La muerte es dulce; pero su antesala, cruel.

CAMILO JOSÉ CELA

Jueves, 15 de octubre de 2009
22:00 horas

Alex dejó su portátil encima de la mesa de su apartamento, como todos los días, pero, a diferencia del resto, no lo encendió. Entre sus planes para esa noche no se encontraba consultar el correo ni entrar en los principales blogs de tecnología. Una machacona cefalea le estaba aporreando dentro del cráneo; hacía varias horas que había comenzado y, como ya era habitual, varias dosis de analgésicos habían sido inútiles. Estas jaquecas habían comenzado desde que despertó en el hospital, y parecían ir inexorablemente a más. Preocupado por ellas, le habían realizado todo tipo de pruebas, pero todas habían resultado normales. Probó todo tipo de tratamientos, incluyendo acupuntura y homeopatía, sin éxito. Cuando llegaban, solo cabía tumbarse y esperar.

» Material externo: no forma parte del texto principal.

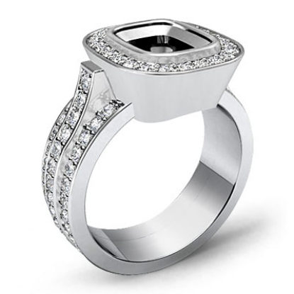 1.65Ct Halo Setting Diamond Engagement Cushion Semi Mount Ring 14K White Gold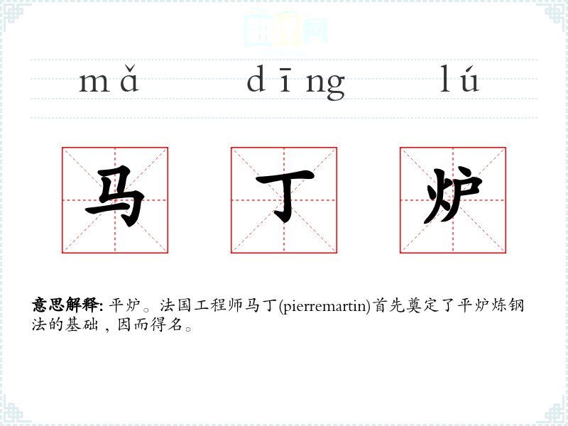 平炉。法国工程师马丁(pierremartin)首先奠定了平炉炼钢法的基础﹐因而得名。

Por otro lado, también estaba harto de las pesadillas: Lia muriendo, desapareciendo o en las que se reía de él, y que ahora se mezclaban con las de los seres invadiendo la Tierra, más intensas y reales que antes, quizá porque ahora sabía que era cierto. El resultado era que su estado físico estaba destrozado: lo poco que dormía era gracias al consumo masivo de sedantes, y en cuanto asomaban las pesadillas, se despertaba aterido, agotado y frustrado, y ya no volvía a dormirse.

El alcohol tampoco le ayudó, a pesar de haberse acostumbrado a una buena dosis diaria con el fin de conseguir el valor suficiente para cerrar los ojos. Agotado, pero sin poder descansar, vivía en un duermevela: le costaba distinguir la vigilia del sueño y la realidad de las pesadillas. Cuando cerraba los ojos, allí estaban «ellos» esperándole. Cuando los abría, eran las cefaleas las que aguardaban pacientes.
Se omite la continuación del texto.